Simon and I didn’t answer. It was obvious what he meant by since. I knew Greg himself wouldn’t have seen Mercer, not after his betrayal on that December day. Out of concern for our former boss’s disintegrating mental health, Greg had attempted to have him removed from the case. I had no reason to keep in touch with him, of course: although it was Mercer’s reputation that had drawn me to the city, I barely knew the man himself. And I couldn’t imagine Simon paying a social call, although to be fair, even after a year and a half here, his private life remained a mystery to me.
‘Maybe Pete has,’ I suggested. ‘They were close, weren’t they?’
Simon shook his head. ‘I don’t think any of us were exactly close to him. Pete was his second, and they worked together for years, but I’m not sure they ever socialised outside of work. Not to my knowledge, anyway. John was in charge, but he was never as relaxed and friendly as Pete is. Of course, that doesn’t mean we weren’t intensely loyal to him.’
‘Because we were,’ Greg said.
‘Yes.’ Simon nodded. ‘All of us.’
Under other circumstances, he might have twisted that into something more teasing
, more knowing, but right now he sounded sincere. Whatever Greg had done, he’d done it for the right reasons. And with the man himself on the way, it was clear that even Simon felt it wasn’t the time for needling.
Greg was about to say something else, but just then the office door opened, and he bit down on whatever it was.
Pete came in first.
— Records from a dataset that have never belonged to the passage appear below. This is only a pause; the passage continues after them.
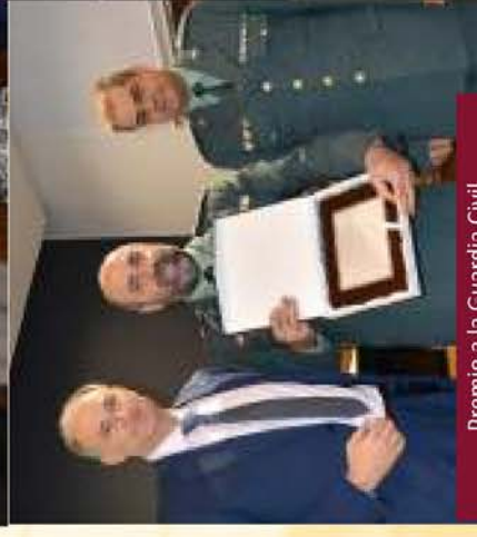
Inicio de la Ceremonia Civil
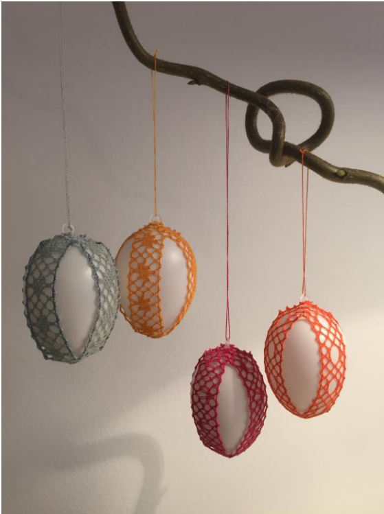
Fra Kniplebrevet Nr. 142 februar 2021
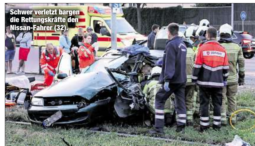
Schwer verletzt bargen die Rettungskräfte den Nissan-Fahrer (32).
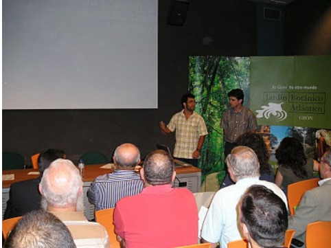
Un instante de las charlas sobre polinizadores del JBA
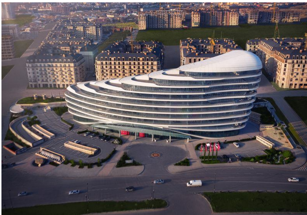
Рисунок 7. «Baku White City» (Белый Город Баку)
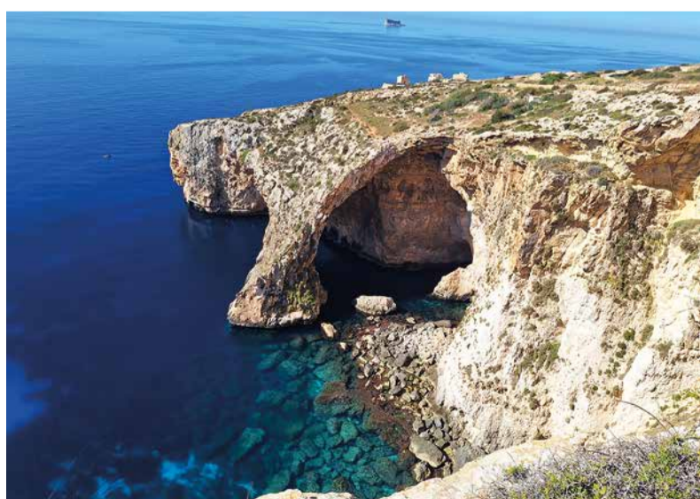
Nádherné prírodné úkazy na ostrove Malta.
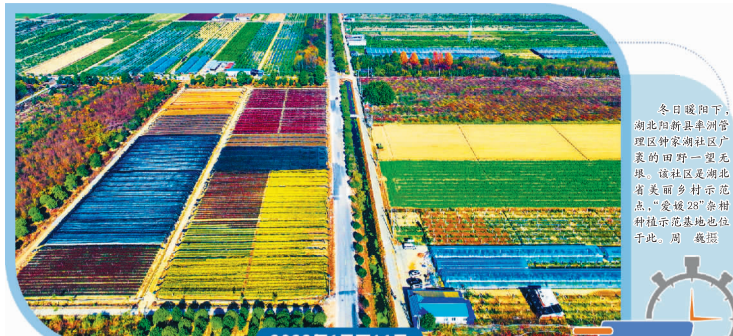
冬日暖阳下,湖北阳新县率洲管理区钟家湖社区广袤的田野一望无垠。该社区是湖北省美丽乡村示范点,“爱媛28”杂树种植示范基地也位于此。

村香菇基地年种植规模可达20万棒,年产值有望突破250万元,每年可增加村集体收入10万元以上,带动60余人就业,人均可增收3000余元,促进一二三产协调发展。

He looked more nervous than any of us, but was clearly trying to hide it, wearing a smile that was far too casual for the circumstances. He held the door open for Eileen and Mercer, who followed silently behind him.
I’d seen Eileen yesterday, and the only real change in her now was how much more serious she looked. She did not want to be here, and it clearly troubled her deeply that she was. The reason for that was equally clear when I saw Mercer moving into the room beside her.
I don’t know if it’s healthy, she’d told me. But he’s fine right now ... he’s happy.
If that were the case, it was difficult to imagine how he’d look if things were worse. Mercer was so diminished from the man I remembered that I wondered for a moment whether this could really be the same person.
When I’d started here, I’d been surprised by how fragile John Mercer seemed in comparison to the legendary figure in my head, but I’d understood that he was still recovering from the effects of an earlier nervous breakdown. He had looked like a solid, sturdy man who was beginning to feel the inexorable effects of encroaching old age, yet remained active and capable. In the last year and a half, though, those effects had accelerated. Mercer looked elderly and frail – easily ten or fifteen years older than Eileen beside him. His hair was gone, and his face was wrinkled and drawn, skeleton-dark around the eyes. He also seemed much shorter than I remembered, and had lost so much weight that he reminded me of a patient you might see in a hospice. Even his gait was slow and awkward, as though he would be far more comfortable with a cane in his hand. I wasn’t sure whether Eileen was keeping so close to his side as an emotional guard, or if she was concerned he might stumble.